In my constituency, there has been an historical legacy of young people leaving school early to go into industry, so education has not been very highly regarded. Over the past few years, however, there has been a dramatic improvement in the number of young people getting GCSEs and A-levels and going to university. If we are to build on that, it is a question of changing aspirations. What are the Government doing to lift people’s aspirations in constituencies such as mine?
I am grateful for my hon. Friend’s question and I join him in congratulating his constituents on the improvements in education in the past 10 years. He is right to raise the issue of aspiration. The way in which the excellent leaders in some of our new schools, such as academies, have raised pupils’ ambitions is a consistent feature that I note on my visits. That is why we are extending some of the thinking behind academies to trust schools, and getting universities and employers involved so that young people in more disadvantaged areas can see themselves going to universities and into well paid employment, thanks to the involvement of such partners.
Standards are not directly related to resources, but they help. Does the Under-Secretary recall receiving a letter from Mr.
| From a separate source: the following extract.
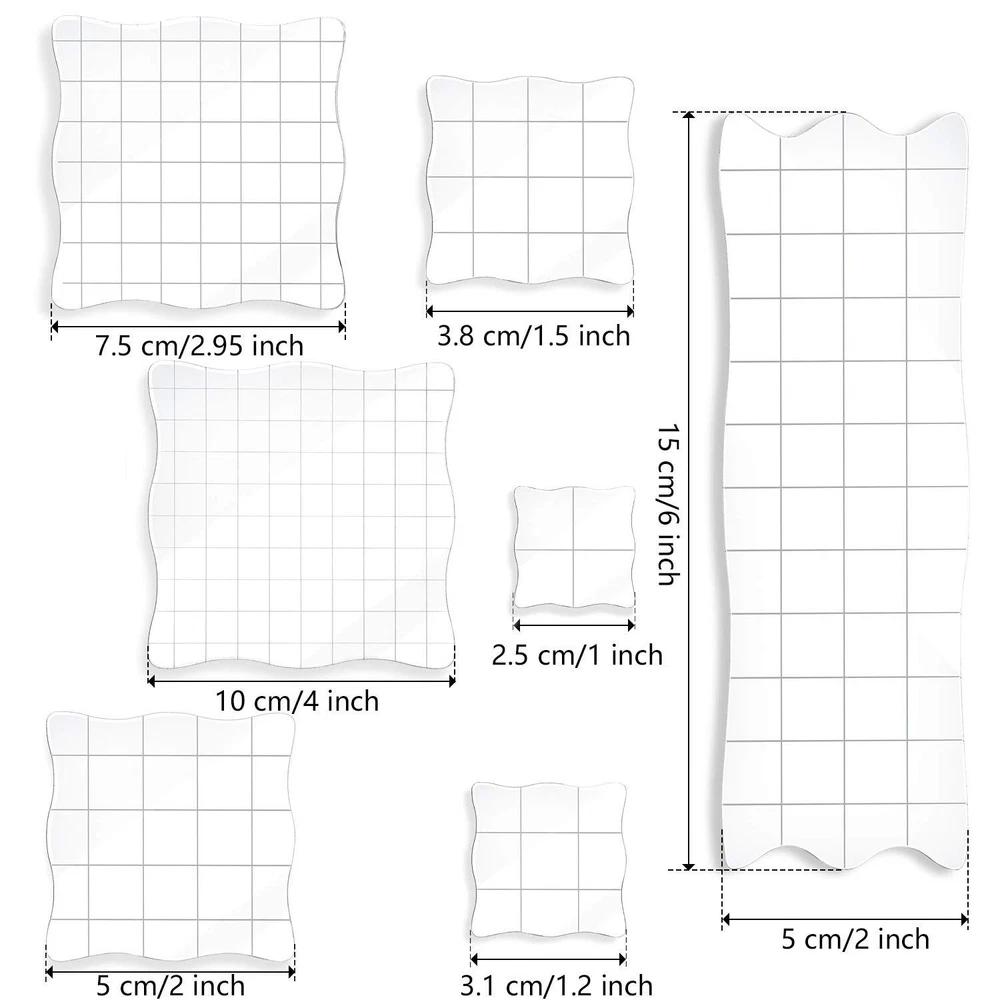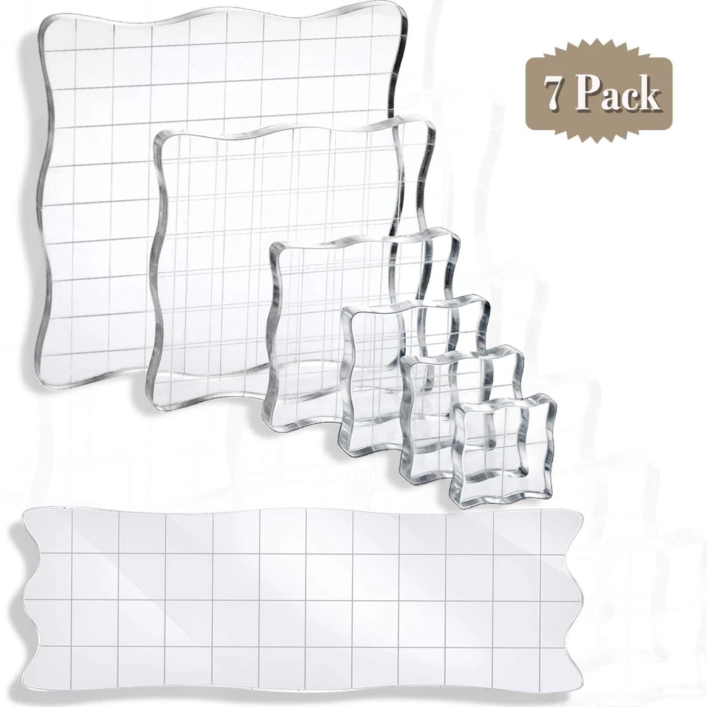 7 Pieces stamp blocks acrylic clear stamping blocks tools with grid and grip, decorative stamp blocks for scrapbooking crafts making, diy crafts ornaments Features: Stamp blocks are made of acrylic that is strong, solid and sturdy, not easy to break, safe and comfortable to use. The acrylic stamp block is suitable for stamping projects such as stamping on cards, notebooks, journals, invitations, clipboards. Acrylic blocks have a layer of protective film on the surface, so you need to tear it off before you use it. Multi-function acrylic stamp blocks with grid: Clear acrylic blocks are suitable for card making, invitations, album, gift tags and DIY any other amazing craft projects. The stamps are reusable and self stamp in the acrylic blocks, so you can use them to DIY scrapbook conveniently. You can also present the stamp blocks set as a gift to craft lovers. Usage method: 1. Please remove the protective film from the surface first. 2. Simply peel off the stamp from transparent sheet. 3. Apply the stamp to the block. 4. Apply ink to the stamp. 5. Place the image onto desired surface and press down firmly. Specifications: Size: 5.9 x 1.97 inches/ 15x 5 cm, 3.9 inches/ 10 cm, 2.95 inches/ 7.5 cm, 2 inches/ 5 cm, 1.2 inches/ 3.1 cm, 1.5 inches/ 3.8 cm, 1 inches/ 2.5 cm Thickness: 0.31 inches/ 0.8 cm Grid size: 1 x 1 cm Material: acrylic Package includes: 7 x Acrylic blocks warm notice: Before purchase, please check the details of the product and whether the thickness of the size is applicable There is a protective film on one side of the product. Please tear it off before use If you are in trouble with using, please contact customer service. We will give you a satisfactory answer Package content: you will get 7 pieces of acrylic stamp blocks in different sizes that are 2.5 x 2.5 cm, 3.1 x 3.1 cm, 3.8 x 3.8 cm, 5 x 5 cm, 7.5 x 7.5 cm, 10 x 10 cm, 15 x 5 cm; Each one is 0.31 inches/ 0.8 cm in thickness meeting your needs for applying different stamps Beautiful Lace Design: one side of the acrylic blocks for stamping is lace design, the edges are round, smooth and comfortable, which is cute and interesting, and the other side is clear and visible grid design, which can help locate the stamp image Reliable materials: the clear blocks are made of transparent acrylic material that is durable, not easy to break, easy to clean, and can be applied for a long time Comfortable and Safe: the curving edge of the lace of the acrylic block is round, smooth, comfortable and close to the finger, which is suitable for your daily use; You don't have to worry about scratching your hand; Please remove the protective film from the surface first; Simply peel off the stamp from transparent sheet; Apply the stamp to the block; Apply ink to the stamp; Place the image onto desired surface and press down firmly Wide applications: the clear acrylic blocks are suitable for stamping craft projects such as card making, invitations, diary, album, notebook, journal, gift tags and DIY any other amazing craft projects; The stamps are reusable and self stamp in the acrylic blocks, you can use them to DIY scrapbook conveniently

Glyn Ottery, the chair of the Somerset Association of Secondary Heads, who points out that, because of the underfunding in Somerset compared with other areas—he acknowledges the increase in funding—his school, Stanchester, receives £254,740 less each year than the English national average? How can that extraordinary differential be justified?
I shall have to dig out the letter from Glyn Ottery, but I will ensure that it has my personal attention when we consider the reply. The figure that comes to mind for the improvement in resources in real terms per pupil in Somerset is approximately £1,000. However, I accept that we do not fund equally on a per pupil basis throughout the country. We are currently consulting on school funding—I am examining closely the way in which we balance the need to achieve stability across the system with any need for redistribution to ensure that areas of deprivation, especially within authorities, get the necessary money.
I was pleased on Monday to welcome the Secretary of State to the city academy in my constituency. He was especially impressed to learn that, last year, it managed to send 43 students to university compared with only seven a few years ago. I know that my hon. Friend the Under-Secretary has also visited the city academy. What lessons does he believe that schools such as the academy can teach other schools in Bristol so that they achieve a similar increase in standards?
My hon. Friend is right. Bristol academy was the first academy school that I visited and it was instrumental in persuading me of the success of the academies programme in raising aspirations—the phrase of my hon. Friend the Member for West Bromwich, West (Mr. Bailey). The lesson that neighbouring schools can learn—I hope that academies will continue to work more closely with them—is first, to realise that, in difficult areas such as parts of Bristol that are served by the academy, it is possible for children to envisage themselves going to university and getting highly paid jobs; and secondly, it is to ensure that such ambition is embedded throughout the work force and in our approach to all children.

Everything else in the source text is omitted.